*Required work*
Output exactly the lines from the first line of the records below through the line containing "お相手に求める喫煙の習慣につ", both included, leaving out any pictures.

*** Opening of The records ***

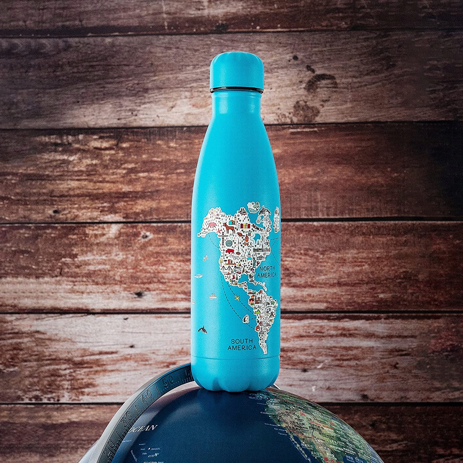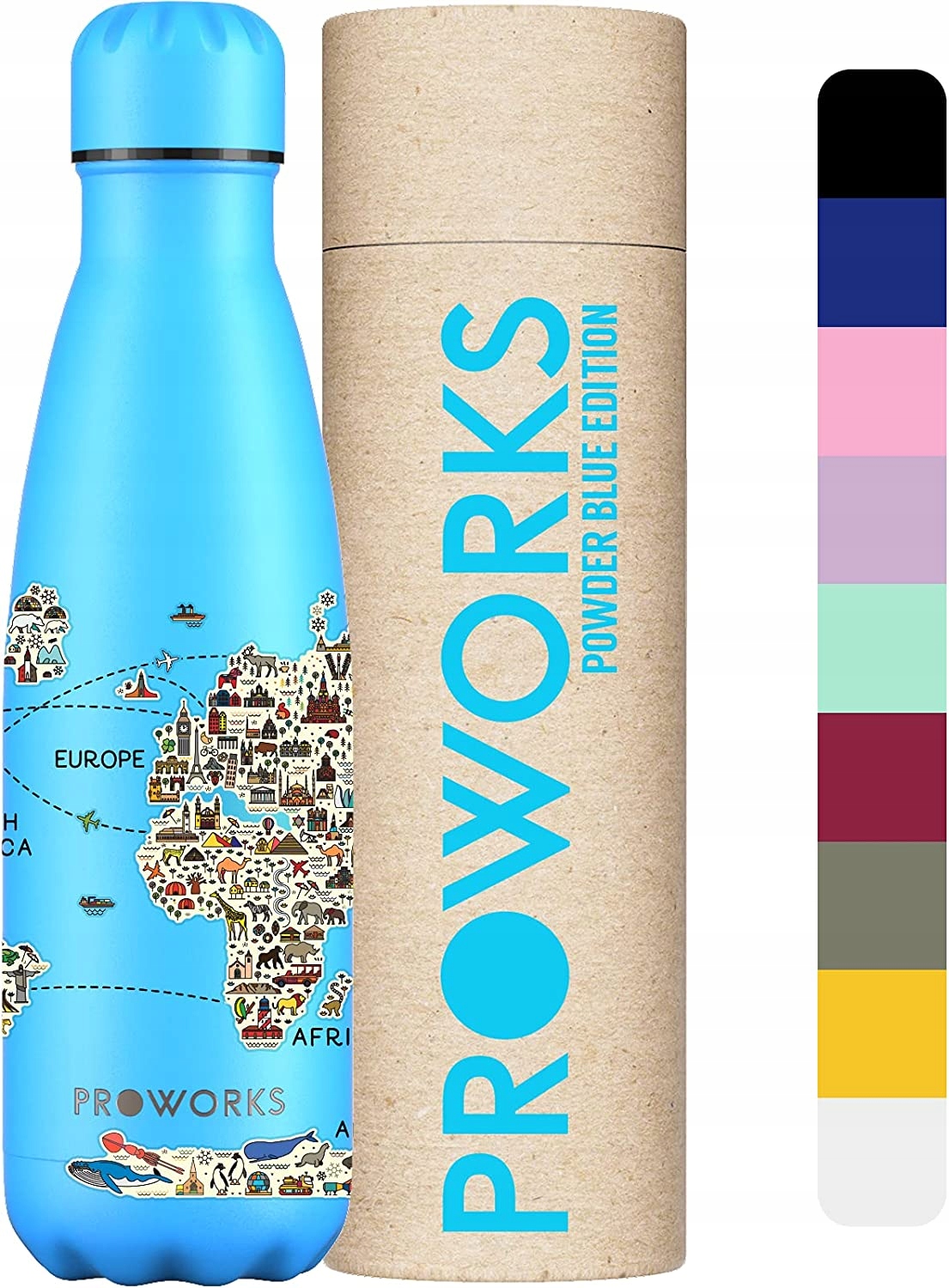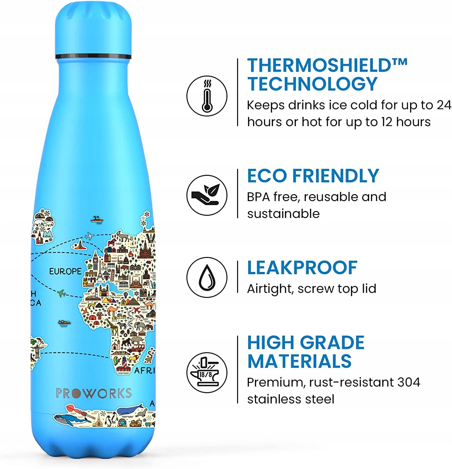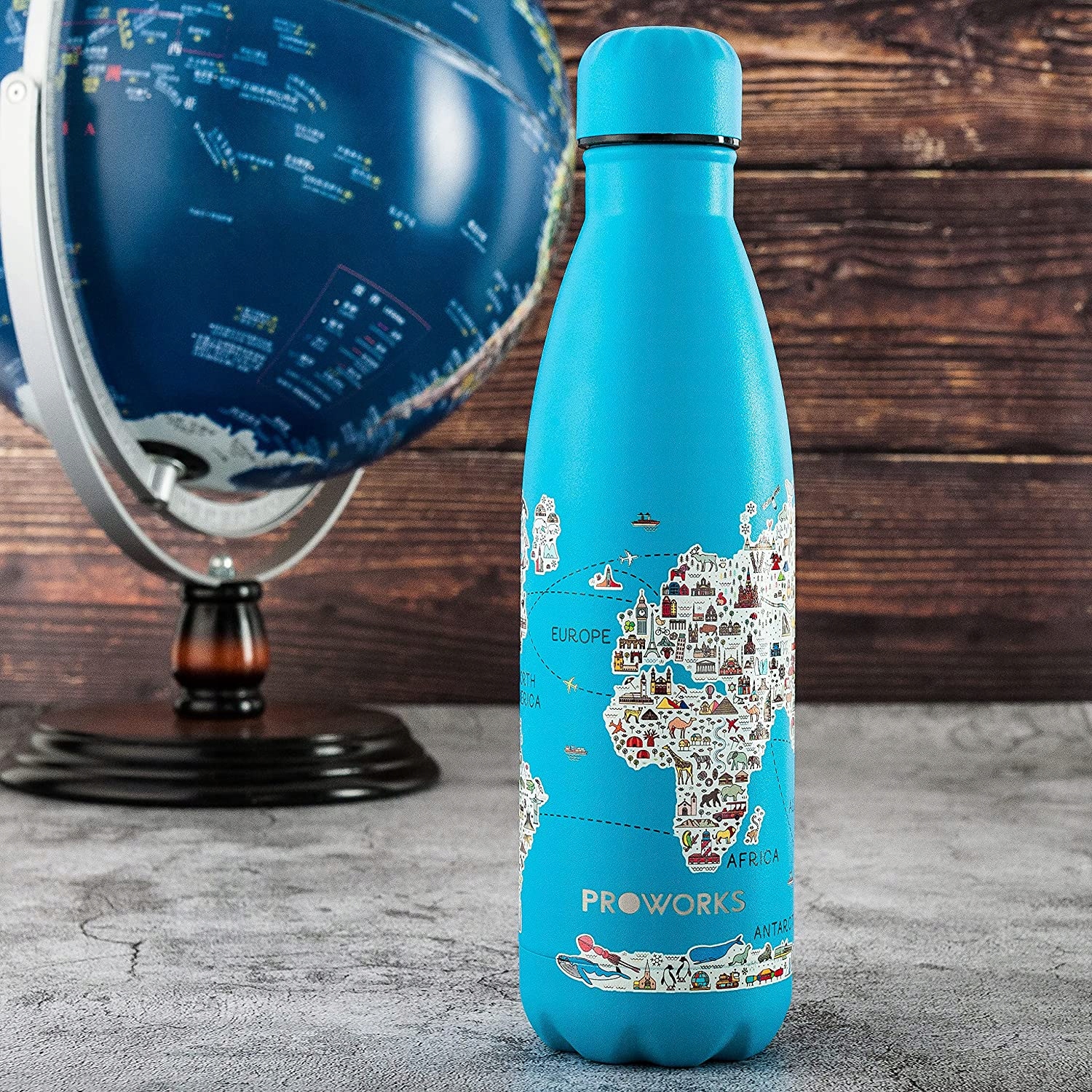 Спортивна пляшка для води Proworks Performance з нержавіючої сталі, вакуумна пляшка з подвійною ізоляцією зберігає температуру гарячих напоїв протягом 12 годин і холодних напоїв протягом 24 годин, для дому, роботи, тренажерного залу та подорожей, 1000 мл, синій, карта світу< /h1>
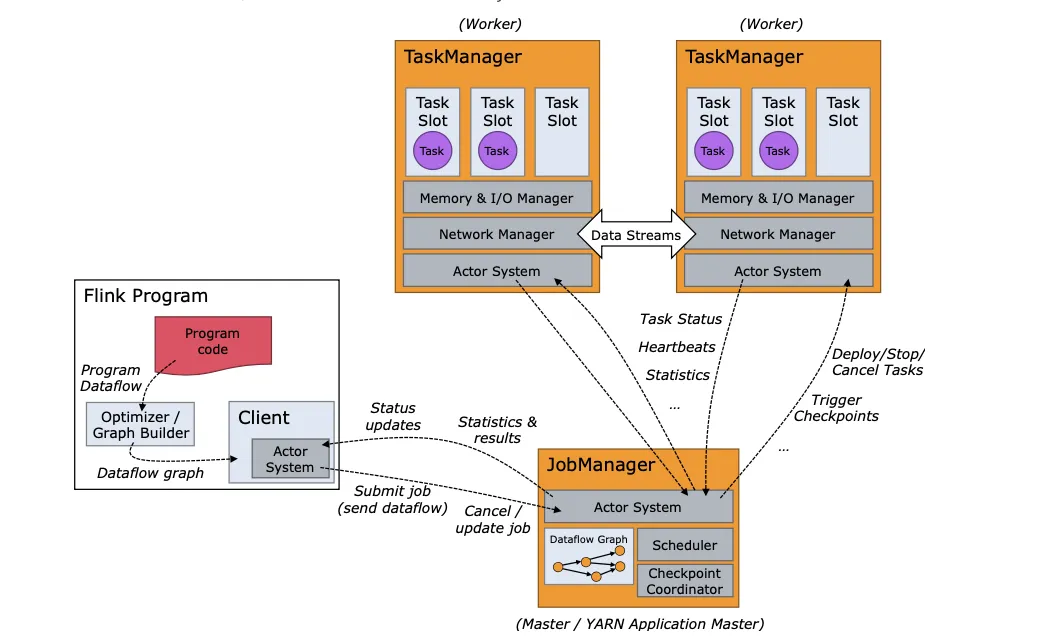 YARN上部署的过程是:客户端把Flink应用提交给Yarn的ResourceManager,Yarn的ResourceManager会向Yarn的NodeManager申请容器。在这些容器上,Flink会部署JobManager和TaskManager的实例,从而启动集群。Flink会根据运行在JobManger上的作业所需要的Slot数量动态分配TaskManager资源。
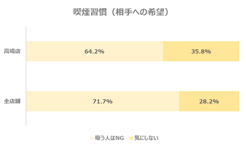 お相手に求める喫煙の習慣についてのデータを見てみると、「気にしない」と回答した割合は全店舗よりやや高い結果となりました。
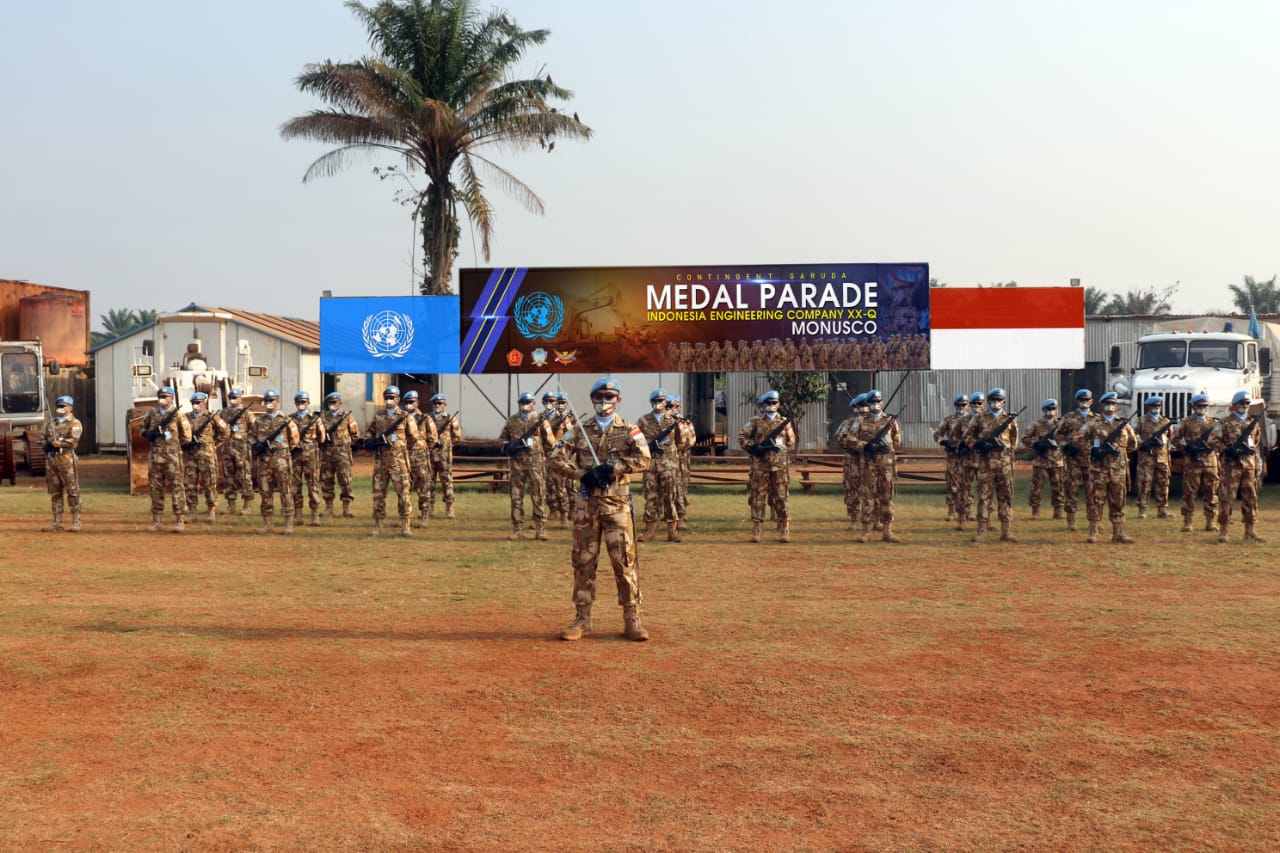 Demikian dikatakan Komandan Satuan Tugas (Dansatgas) Kompi Zeni (Kizi) Kontingen Garuda (Konga) XX-Q/Mission de LOrganisation des Nations Unies pour La Stabilisation En Republique Democratique du Congo (MONUSCO) Letkol Czi M.P. Sibuea, S.H., M.Han usai menyematkan medali penghargaan PBB kepada personel Satgas dalam Upacara Medal Parade, bertempat di Lapangan Bumi Nusantara Camp, Mavivi, Sabtu (13/02/2021).
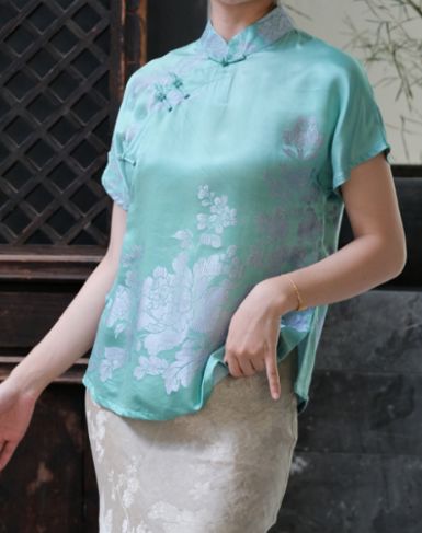 盛唐牡丹| 民国真丝老面料偏襟上衣-蓝色

*** Close of The records ***

*Task response*
 Спортивна пляшка для води Proworks Performance з нержавіючої сталі, вакуумна пляшка з подвійною ізоляцією зберігає температуру гарячих напоїв протягом 12 годин і холодних напоїв протягом 24 годин, для дому, роботи, тренажерного залу та подорожей, 1000 мл, синій, карта світу< /h1>
 YARN上部署的过程是:客户端把Flink应用提交给Yarn的ResourceManager,Yarn的ResourceManager会向Yarn的NodeManager申请容器。在这些容器上,Flink会部署JobManager和TaskManager的实例,从而启动集群。Flink会根据运行在JobManger上的作业所需要的Slot数量动态分配TaskManager资源。
 お相手に求める喫煙の習慣についてのデータを見てみると、「気にしない」と回答した割合は全店舗よりやや高い結果となりました。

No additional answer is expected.